Rashod Bateman made the wise business decision by opting out of the 2020 college season in order to prepare for the 2021 draft. He was a key member of the Minnesota football resurgence in 2019, a team that won 11 games and finished ranked in the top ten. Bateman is a prototypical possession receiver who seems to make at least one big play a game that helps his team win. To keep it simple, he’s a football player and does all the little things well. Could he have used one more season? Of course, but with all that’s going on this was the best decision for his future. I would say he’s more than likely a late first-round pick, but a good combine would shoot him up the board.
Run after catch
While he’ll never be mistaken for an Olympic sprinter, Rashod Bateman is dynamic after the catch. He’s tough to bring down due to his toughness as a ball carrier and his resiliency. When I say he’s a football player, it shows up when the ball is in his hands. There are many times where he should have been tackled, but refuses to go down. He also has a high football IQ and sees the field well, which makes up for his lack of speed. I made this comparison on our Twitter, but he reminds me a lot of JuJu Smith-Schuster after the catch. Neither are dynamic athletes but are true football players who make things happen with the ball in their hands.
Fearless and Smart
Rashod Bateman will make a killing at the next level over the middle, which isn’t a place on the field where many receivers want to be. In the middle of the field is where most of the heavy hitters on defense are and there are going to be many times where you have to prepare to take a big hit. Bateman caught many of his passes on slants and dig routes (which we’ll cover later) and he never shows any hesitation or have what some call “alligator arms”. In addition to his toughness, Bateman is a smart player. Since he runs so many routes over the middle, when he notices things breaking down for his quarterback, he’ll make himself more easily available. I see a lot of receivers, at all levels, stick to their route and not come back to the quarterback. This rarely happened with Bateman, as he has his eyes on the quarterback and will go get the ball no matter the cost.
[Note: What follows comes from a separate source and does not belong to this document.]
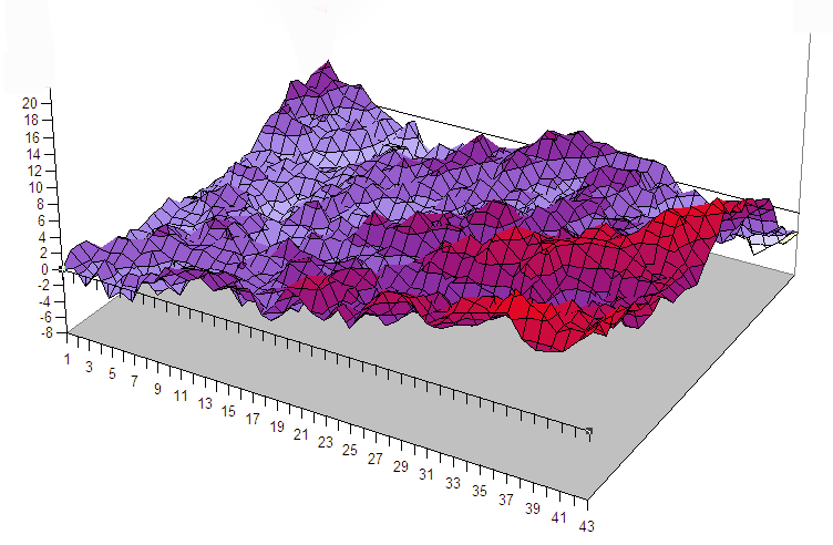 例如,在三维情况下,两个变量 XXX 和 YYY 作为坐标给出,任意两点 (x1,y1)(x_{1}, y_{1})(x1,y1) 和 (x2,y2)(x_{2}, y_{2})(x2,y2) 之间的高程函数可以设置为具有平均值或期望值随着 (x1,y1)(x_{1}, y_{1})(x1,y1) 和 (x2,y2)(x_{2}, y_{2})(x2,y2) 之间的向量距离增加。但是,有许多方法可以定义高程函数。例如,可以使用分数布朗运动变量,或者可以使用各种旋转函数来获得更自然的表面。

Like I mentioned earlier, Rashod Bateman runs a lot of routes over the middle and runs them very well. He’s great at fighting off press coverage and uses his body to his advantage to get inside and open. Once he’s established himself on those routes, he’ll run a double move and get open deep. At the next level, he’ll be a great possession receiver who will be a quarterback’s best friend on third down since he can get open on intermediate passing situations. Even though he’s opting out of this season, he’s a relatively pro-ready route runner who will be able to step in and produce.
Pushed around on deep routes
For being so physical on short and intermediate routes, Rashod Bateman struggles to get separation on deep routes, more specifically go routes. A go route, or a fly route, is essentially just the receiver going straight down the field. On this route, you want to gain separation from the corner, while also giving your quarterback a spot to throw you the ball. So, it’s imperative to not let the corner push you towards the sideline too much because then there’s a tiny window to fit a long pass into.
Bateman several times couldn’t gain that separation going deep unless it came from a double move or a lapse in coverage. This is a speed and agility issue that needs to be worked on over the next several months of draft preparation. There were times where he had a lot of green grass in front of him and was tracked down by defensive backs and that’s due to his lack of breakaway speed. He has several months to work on his 40 yard dash time, so this issue can be hopefully taken care of.
I don’t think Bateman will ever become a superstar, but I see him being a good player for a long time. He’s a guy that doesn’t rely on his athleticism to do well, which bodes well for his longevity. I would almost be surprised if he didn’t have multiple 1,000 receiving yard seasons when it’s all said and done as long as he’s with the right quarterback. He’s more than likely never going to beat you deep but will kill you in a west coast system or one that relies on a short and quick passing game. Like I said earlier, I think he’ll still be selected towards the end of the first round with teams like the Saints or the Ravens being great fits.